Joke’s On Elon — He Better Prepare His ‘Hardcore’ Litigation Team

954792Somebody’s Mom: Why do you spend so much time making jokes on the internet? Do you think anybody is going to hire you with that digital footprint?

A slew of Akiva Cohen’s coworkers prepared to rip Elon a new one:

People tend to mind their Ps & Qs the most on LinkedIn, but the wise know that each social media site is a potential interview opportunity. Rather than just retweeting and liking like the rest of us, Akiva Cohen managed to sift gold from a muddy Twittstorm several years back:

Here’s one way to build a legal team: Interview graduates from the top law schools or firms, then hire the most qualified.

Akiva Cohen, a trial lawyer at a small New York firm, tried a different way: Spend way too much time on Twitter, talking trash about other lawyers’ cases, then hire the people who post the smartest, most biting comments.
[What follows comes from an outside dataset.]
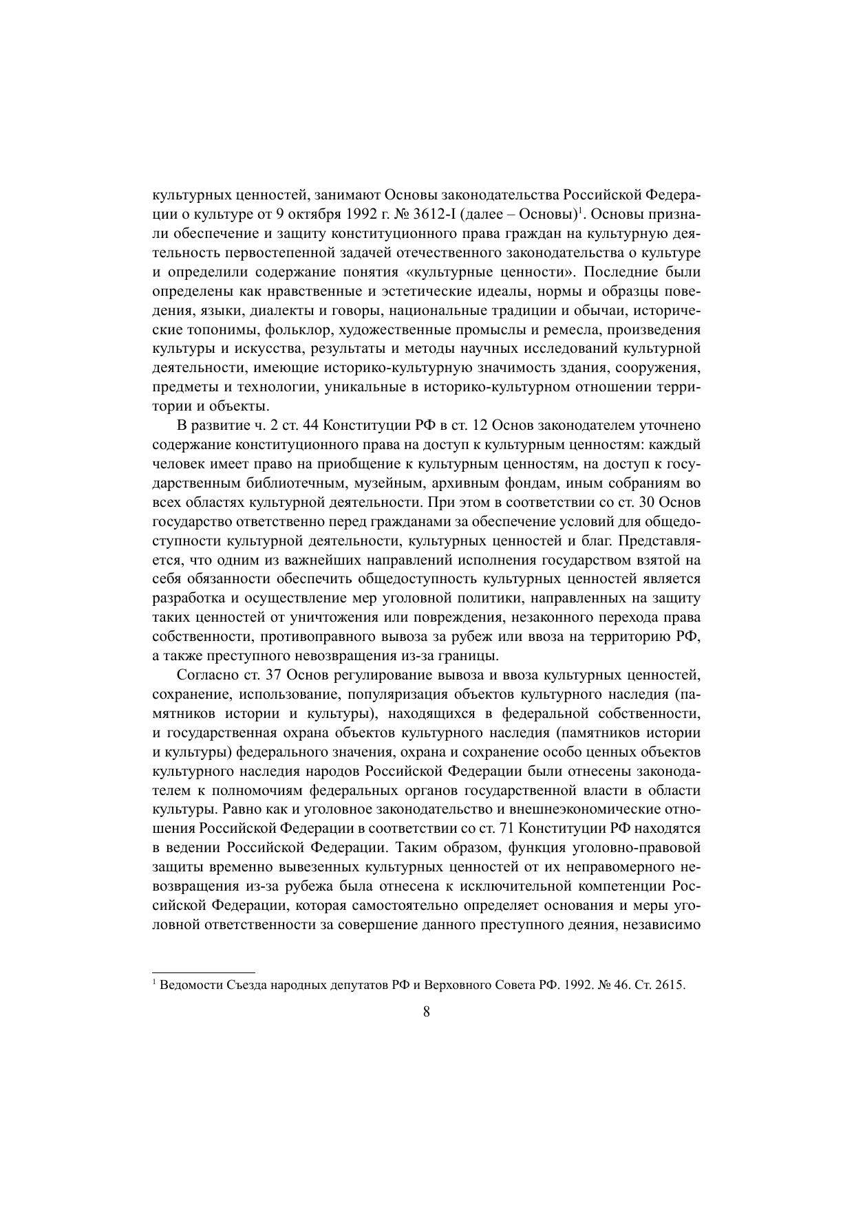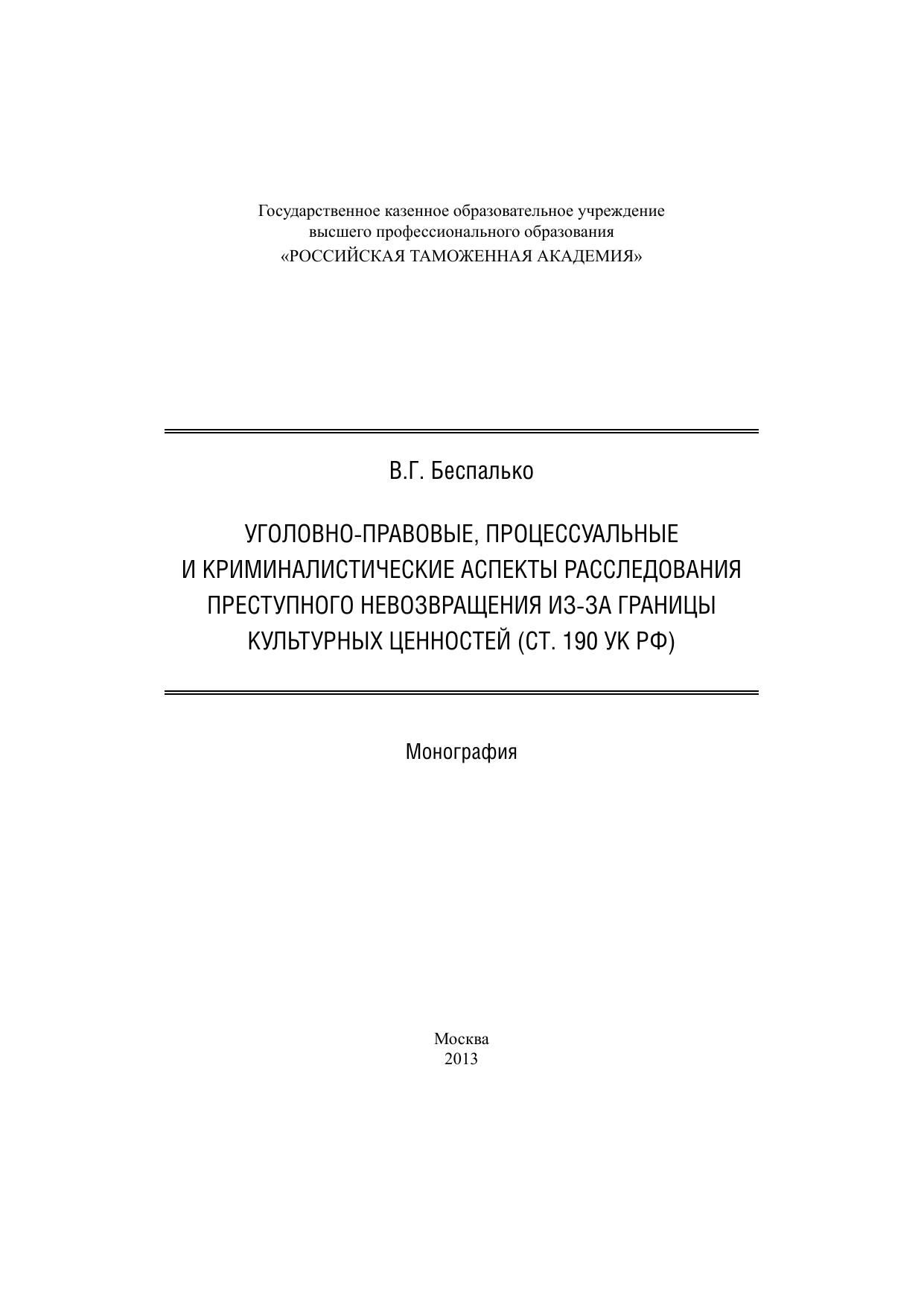 Уголовно-правовые, процессуальные и криминалистические аспекты расследования преступного невозвращения из-за границы культурных ценностей (ст. 190 УК РФ): монография
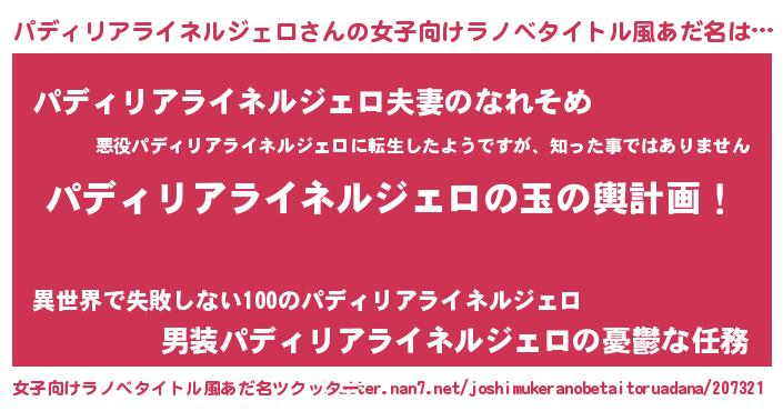 | ヒーロー風カッコイイあだ名 | 『慈愛の使者パディリアライネルジェロ』 |

Now that is a good “prove your smarts” interview strategy! I would have appreciated if Cohen opened up his hiring prospects to people who preferred penning articles to Tweets, but I digress. Pettiness, much like compounding interest, is a miraculous human phenomena that has encouraged many a person to invest in things that ought be invested in. Cohen pulled from a pool of people who were very invested in pointing out and arguing against really bad legal arguments. Which, to anyone who knows the rules of the internet, makes perfect sense — why wouldn’t you use Cunningham’s Law to screen for talent? Thus began the Threadnought, much to Elon’s future chagrin. Backed by sharp legal reasoning and spite, well, read for yourself:

Soon, Mr. Cohen and his small team, all scattered around the country — in Hawaii, Colorado, Washington State, Long Island — were representing more than 200 former Twitter employees in two lawsuits and arbitration. The cases involved mountains of work against an adversary with seemingly bottomless resources, with no money coming in unless or until they prevail.

But if Mr. Cohen felt daunted by the task, he did not show it. “To be clear, Elon, you will lose, and you know it,” he wrote in an opening letter to Mr. Musk, outlining his clients’ demands. And “deposing you will be a joy.”

If Cohen decides to give up the law at any point, he’d make a killing writing one-liners for Bond villains. Not literally, but you know.

When it comes to losing money over firing Twitter employees, Elon’s incompetence has been impressively consistent. An average man-child would have stopped at firing the people who were very clearly on the “DO NOT FIRE” list or realized that they shouldn’t be calling the shots after they fired and mocked Iceland Monitors 2022 “Person Of The Year” for being disabled.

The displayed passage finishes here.